Tujuan Penelitian Penelitian ini bertujuan untuk menganalisis dan menguji secara empiris perbedaan
kinerja antara auditor pria dan wanita pada Kantor Akuntan Publik (KAP) di kota Semarang yang dikelompokkan ke dalam Komitmen Organisasi, Komitmen profesi, Motivasi, Kesempatan Kerja, Kepuasan Kerja, dan Pengalaman Organisasi.

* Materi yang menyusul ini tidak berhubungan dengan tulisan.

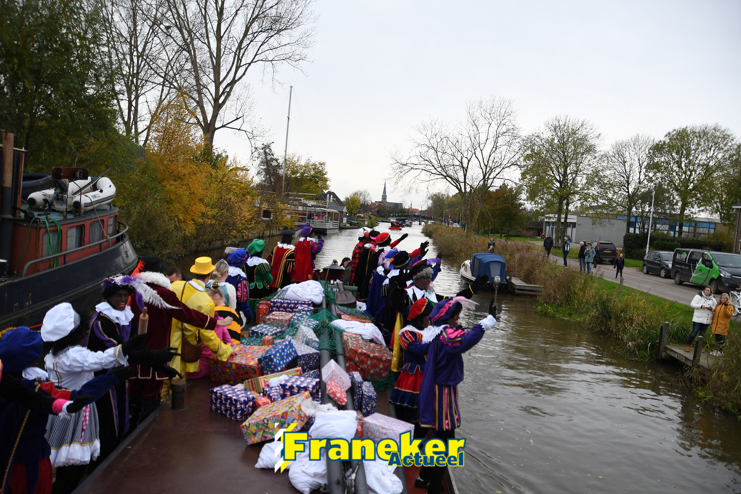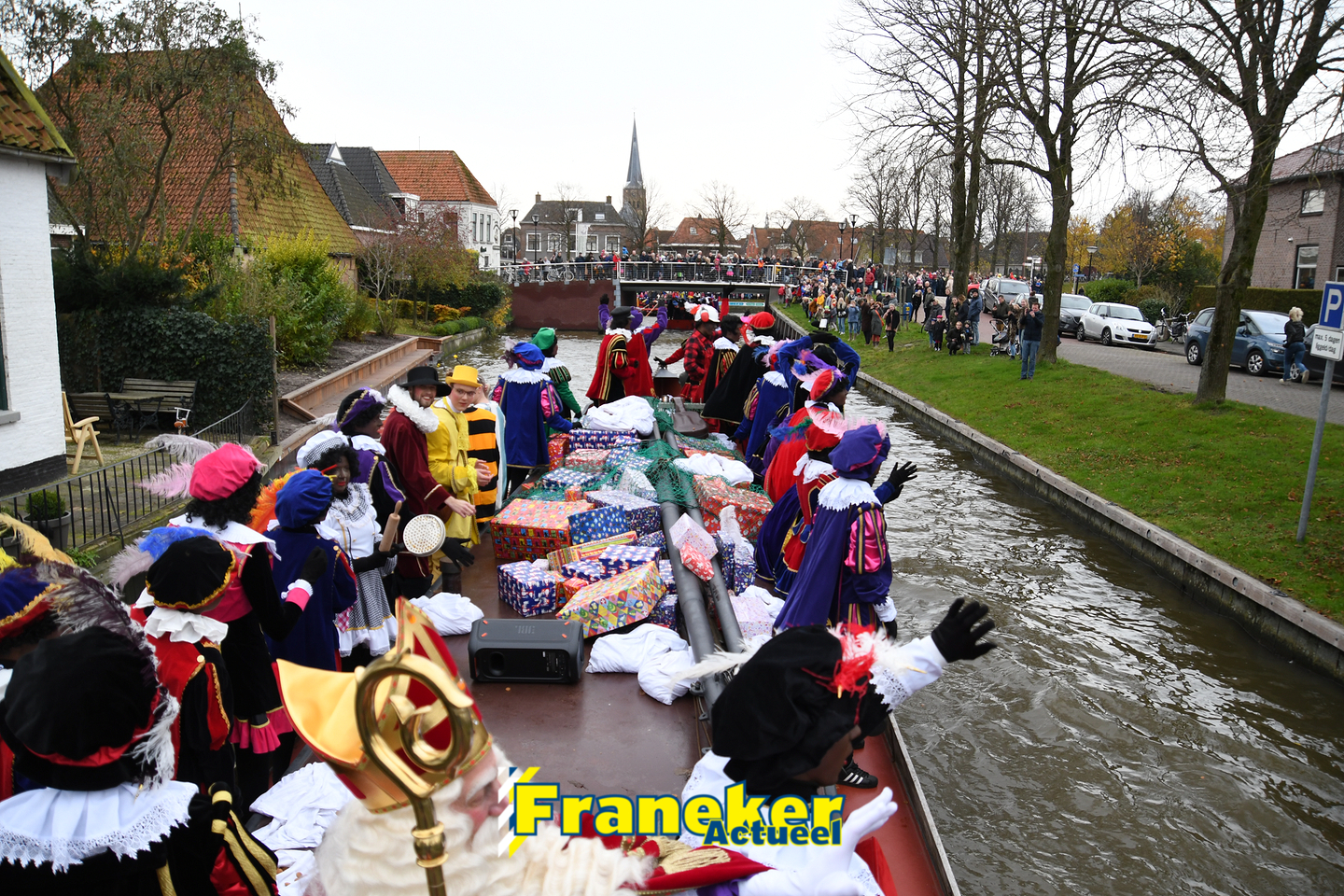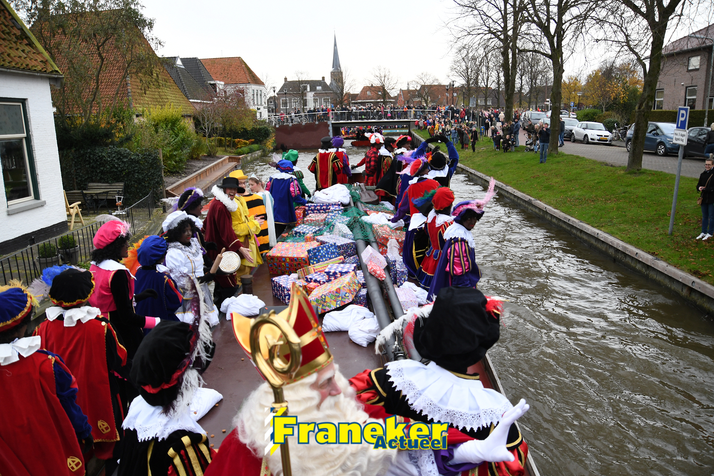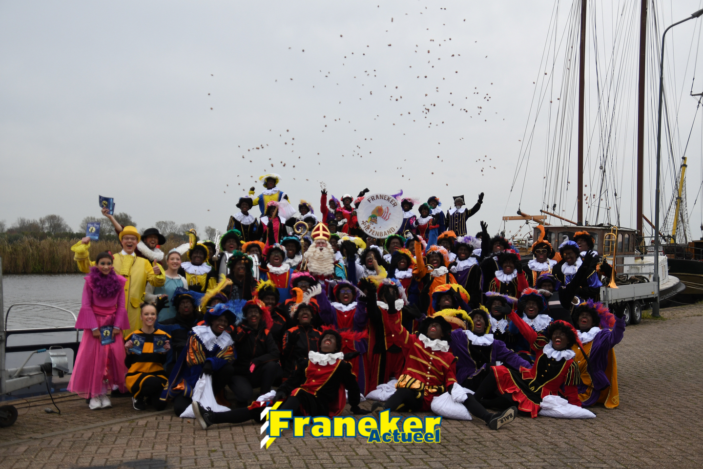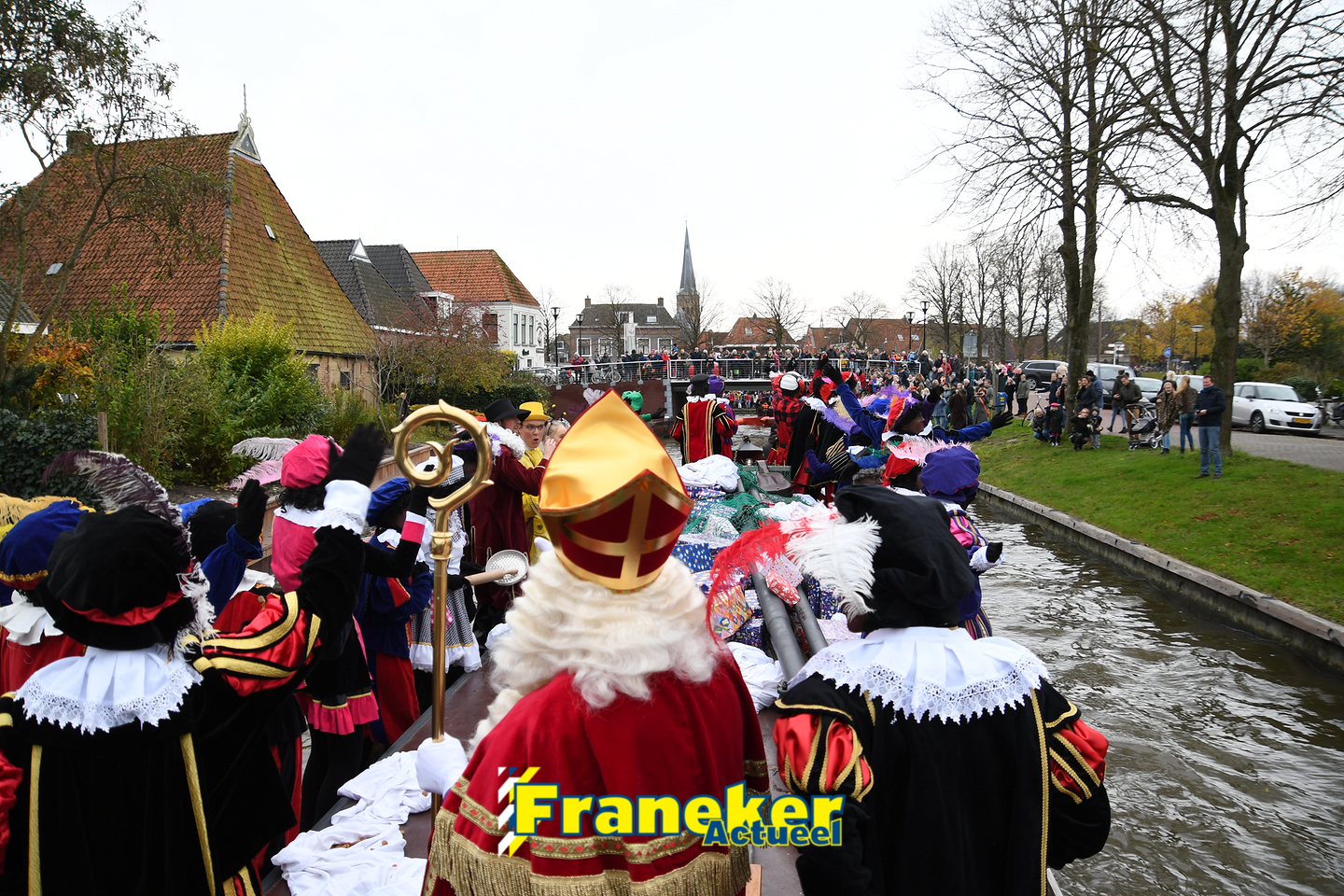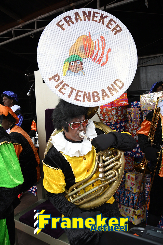 Onder gelukkig droge weersomstandigheden kwam de Sint met drie boten vol met cadeaus en zijn traditionele zwarte Pieten weer aan in Franeker en werd er voet aan wal gezet aan de Turfkade en werd er volop feest gevierd met de Franeker Pietenband “Wild Geraas”
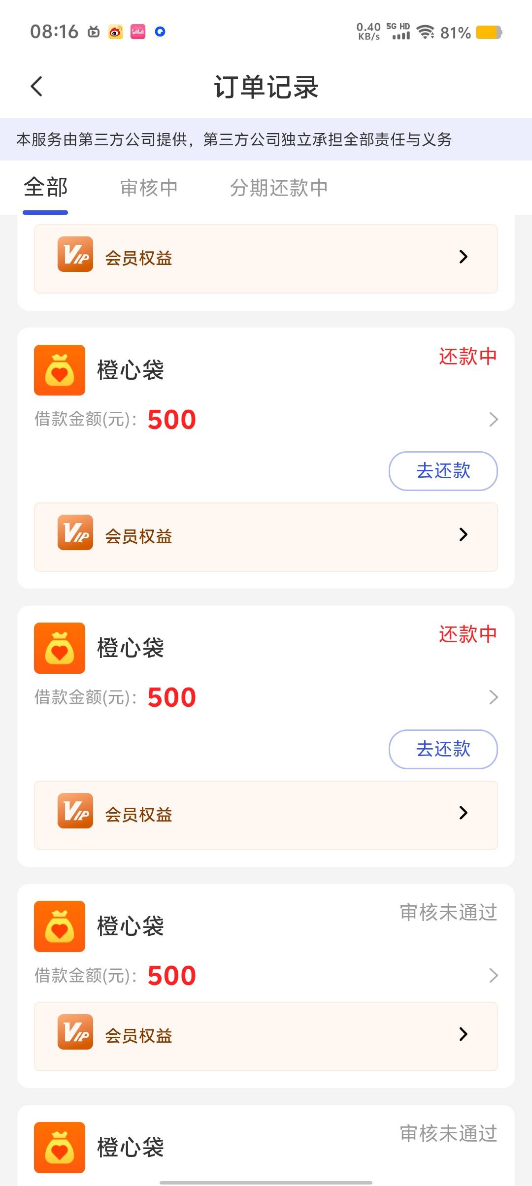 宜口袋前两天还款日下了两个500,昨天又申请了个2800,今天早上出了会员点了希望能快点下款。

Bab 2 TINJAUAN PUSTAKA 2.1
Akuntansi Keperilakuan Istilah akuntansi keperilakuan baru muncul tahun 1967 dalam artikel Journal of
Accounting Research oleh Becker yang mereview tulisan Cook (1967) dalam Kusuma (2003:75). Akuntansi keperilakuan sebenarnya merupakan bagian dari ilmu akuntansi yang perkembangannya semakin meningkat dalam 25 tahun belakangan. Riset akuntansi keperilakuan merupakan suatu bidang baru yang berhubungan dengan perilaku individu, kelompok dan organisasi bisnis, terutama yang berhubungan dengan informasi akuntansi dan audit. Dalam audit riset akuntansi keperilakuan telah berkembang, tinjauan literature telah menjadi spesialis dengan lebih memfokuskan diri pada atribut keperilakuan spesifik seperti proses kognitif (Boner dan Pennington 1991 dalam Kusuma, 2003:75) atau riset keperilakuan pada satu topik khusus seperti audit sebagai tinjauan analisis, sebagai bidang riset yang sering memberitahukan kontribusi yang bermakna, riset akuntansi keperilakuan dapat membentuk kerangka dasar serta arah riset dimasa yang akan datang. Akuntansi keperilakuan menjelaskan bagaimana perilaku manusia mempengaruhi data akuntansi dan keputusan bisnis serta bagaimana mempengaruhi keputusan bisnis dan perilaku manusia selalu dicari jawabannya. Akuntansi keperilakuan menyediakan suatu kerangka yang disusun berdasarkan teknik berikut ini (Maya Kumalasari, 2006:1) : 1.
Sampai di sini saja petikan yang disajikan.